Farkas’ lemma (Farkas 2009) [https://rutcor.rutgers.edu/~prekopa/FARKAS.pdf] supplies the infeasibility certificate: a vector \(y\) lies in the positive cone spanned by constraint normals if and only if a separating linear functional exists. In optimizer terms, if a gradient \(g\) points outside of the feasible cone, one can write \(g = A^\top \lambda\) with \(\lambda \geq 0\), allowing the multiplier vector \(\lambda\) to be interpreted as a scaling factor that tempers those offending components. The MINOS solver’s decomposition (Stanford SOL 1978) [http://stanford.edu/group/SOL/papers/minos-math-prog-1978.pdf] built linearizations that preserved this cone structure and solved reduced multipliers before updating primal variables, revealing the same structure now encoded implicitly inside clipping, projection, and penalty rules. Modern optimizers therefore integrate the KKT multipliers as learned statistics: moving along the gradient becomes a projection onto the feasible cone described by all constraints, and duality ensures that this projection is the shortest path, just like the Brachystochrone path is the shortest time.

This is the connection between continuous control and discrete optimization: the “control” \(u(t)\) in Varaiya’s notes is the incarnation of the KKT multipliers \(\lambda, \nu\) in the optimizer’s preconditioner. The discretization accumulates the Lagrangian cost \(\sum_t L(\theta_t, \lambda_t, \nu_t)\), so efficient optimizers learn multipliers that keep updates both feasible and sharp with respect to the constraint geometry.

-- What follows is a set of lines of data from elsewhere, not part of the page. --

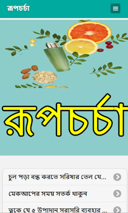 রূপচর্চা অ্যাপটিতে বেশ কিছু ঘরোয়া উপায় নিয়ে করা হয়েছে আশা করি আপনাদের কাজে লাগবে।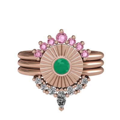 Pembe kuvars, kök zümrüt ve swarovski 18 ayar rose altın yüzük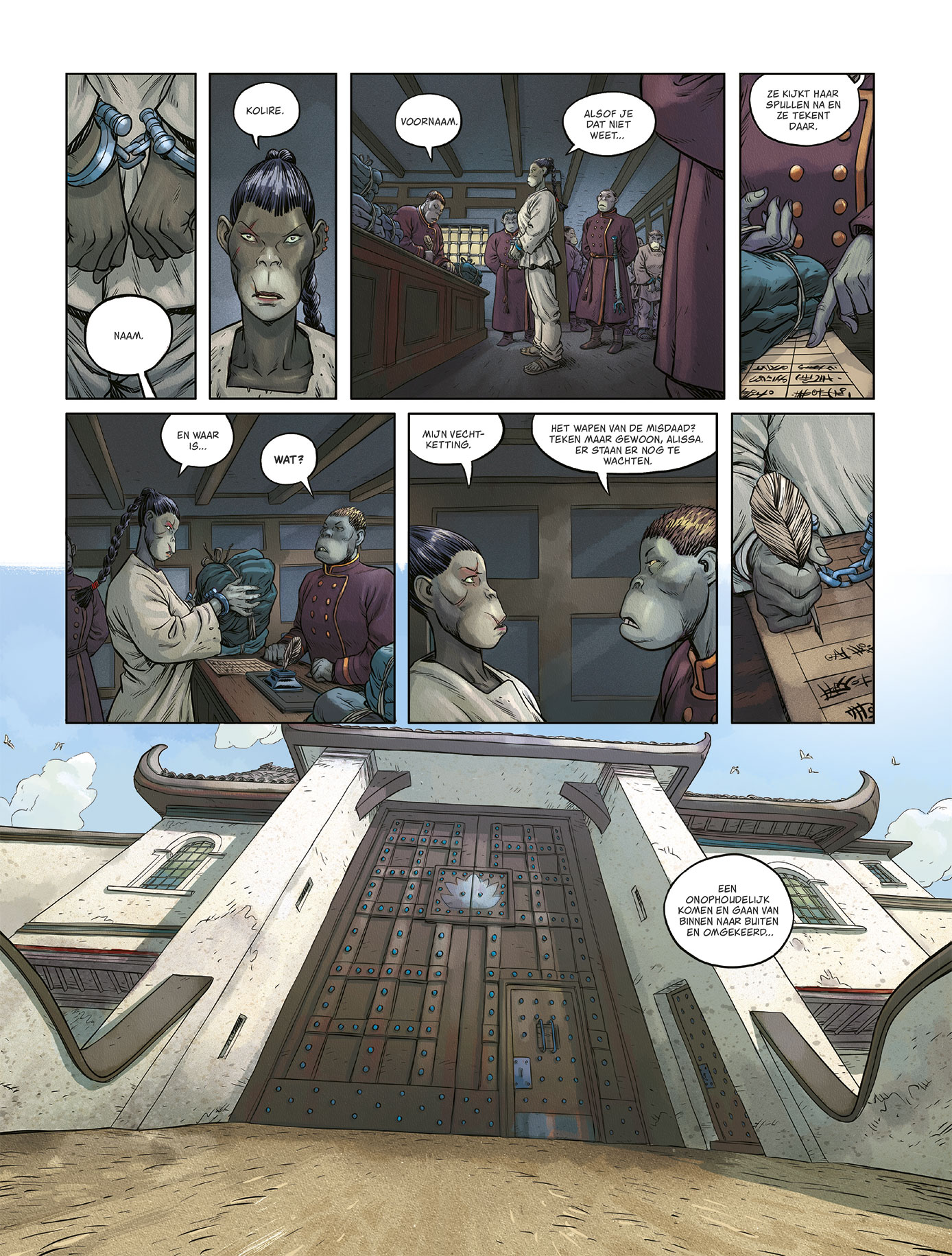 Deel 1 van de nieuwe cyclus van 6 Van striptekenaar Lereculey kennen we volgende stripreeksen of werkte mee aan sommige stripreeksen : 1. Arthur 2. Toen 3. Dodenwake 4. Golias 5. Wollodrin 6. Zeven van strip scenarist Lewelyn kennen we volgende stripreeksen of werkte hij mee aan sommige delen uit deze stripreeksen : géén Alysandra viert feest: Keona, de dochter van de koningin, is weer thuis. In de achterbuurten van de dertiende wijk wordt er een andere vrijlating gevierd: die van de geduchte Alissa. Haar oom Djen, die de leiding over de clan van het Sistrum heeft overgenomen, maakt zich op om haar de sleutels te overhandigen van het clandestiene rijk… Dat plots op zijn grondvesten zal daveren door een onverwacht en bruut voorval. Een nieuwe, beklijvende cyclus in onze beestige Game of Thrones, in het rijk der aapachtigen!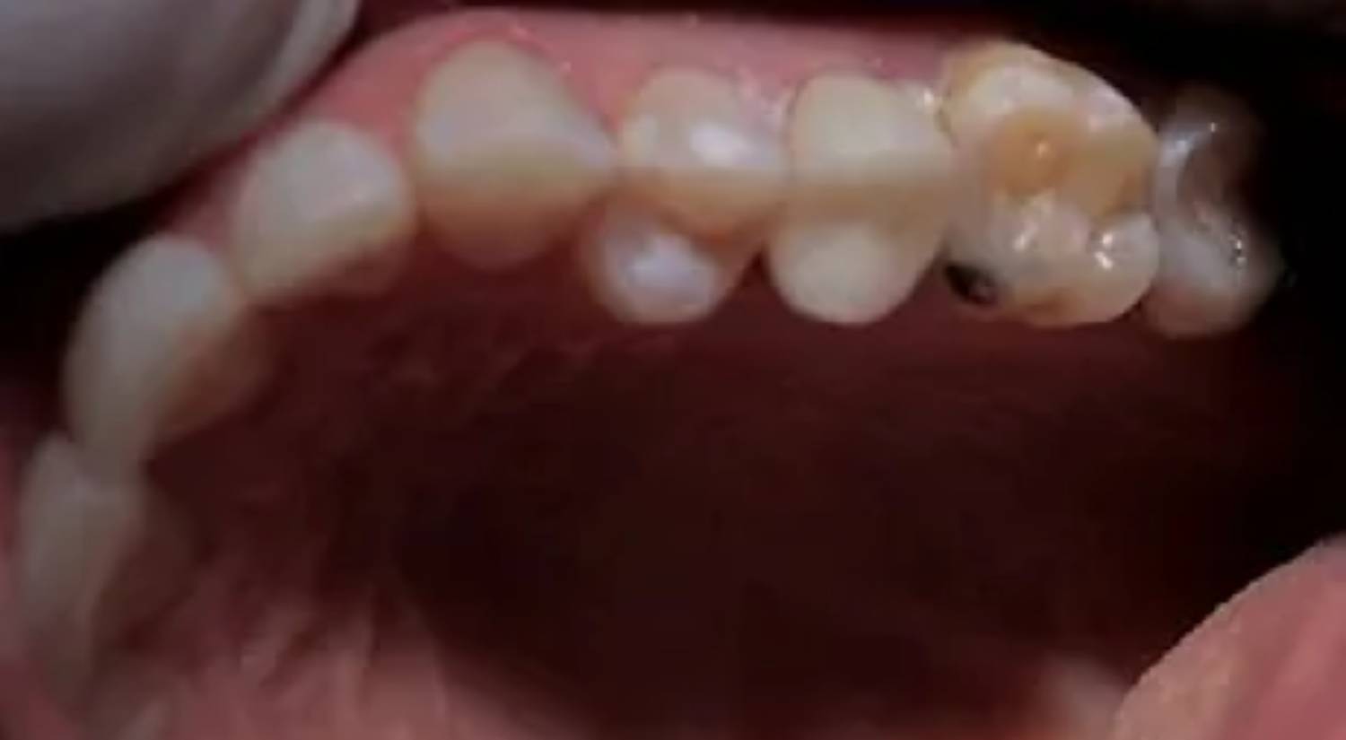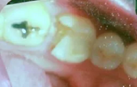 Posterior molar fractured tooth before treatment. Looking much better after restoration with a Procera Porcelain crown.
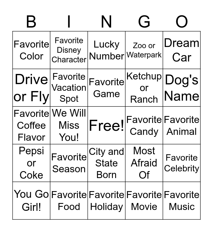 This bingo card has a free space and 29 words: You Go Girl!, Congrats!, We Will Miss You!, Always the Winner!, Favorite Color, Lucky Number, Favorite Vacation Spot, Favorite Season, Favorite Candy, Favorite Food, Favorite Animal, Favorite Music, Favorite Holiday, Favorite Movie, Dog's Name, Year Started with the State, City and State Born, Pepsi or Coke, Dream Car, Favorite Coffee Flavor, Most Afraid Of, Favorite Perfume, Ketchup or Ranch, Drive or Fly, Zoo or Waterpark, Favorite Disney Character, Favorite Celebrity, Favorite Game and How Many Tattoo's.

Parameterization adaptivity and Newton-Schulz orthogonalization¶

The remaining link is making sure the optimizer tracks the parameterization scale from the architecture. A change of variables \(\theta \mapsto c\theta\) scales gradients by \(c\), so a fixed learning rate overshoots unless the optimizer re-scales per coordinate. Layer-wise adaptivity solves that via first and second moments: \(m_t\) tracks the decayed mean of gradients, \(v_t\) tracks the decayed mean of squared gradients, and a base learning rate \(\alpha_t\) orchestrates the step size.

\[ \theta_{t+1} = \theta_t - \alpha_t \frac{m_t}{\sqrt{v_t} + \epsilon}, \]

where \(\epsilon\) stabilizes division. This coordinate-wise projection works when curvature is diagonal but fails when Hessian eigenvectors rotate between layers, as in multi-head attention or long MLP stacks.

AdaMuon (Lim et al. 2025) [https://arxiv.org/abs/2507.11005] adds an orthogonal correction inspired by the Newton-Schulz iteration. Starting with an unnormalized update matrix \(U\) that fuses momentum \(m_t\) and covariance information, the iteration

\[ Q_{k+1} = \frac{1}{2} Q_k (3I - Q_k^\top Q_k), \]

with \(Q_0 = U\), converges to an orthogonal matrix \(Q_k \in O(n)\); here \(I\) is the identity and each step contracts toward the Stiefel manifold. \(Q_k\) thus approximates a geodesic on the parameter manifold. AdaMuon mixes the adaptive vector \(\frac{m_t}{\sqrt{v_t} + \epsilon}\) with the orthogonal projection \(Q_k\) so that updates preserve both local scaling (via adaptivity) and global directional stability (via orthogonality). This dual effect keeps billion-parameter models from blowing up: adaptive scaling handles magnitude disparities, while the orthogonal projection prevents twisty, constraint-violating directions from accumulating energy.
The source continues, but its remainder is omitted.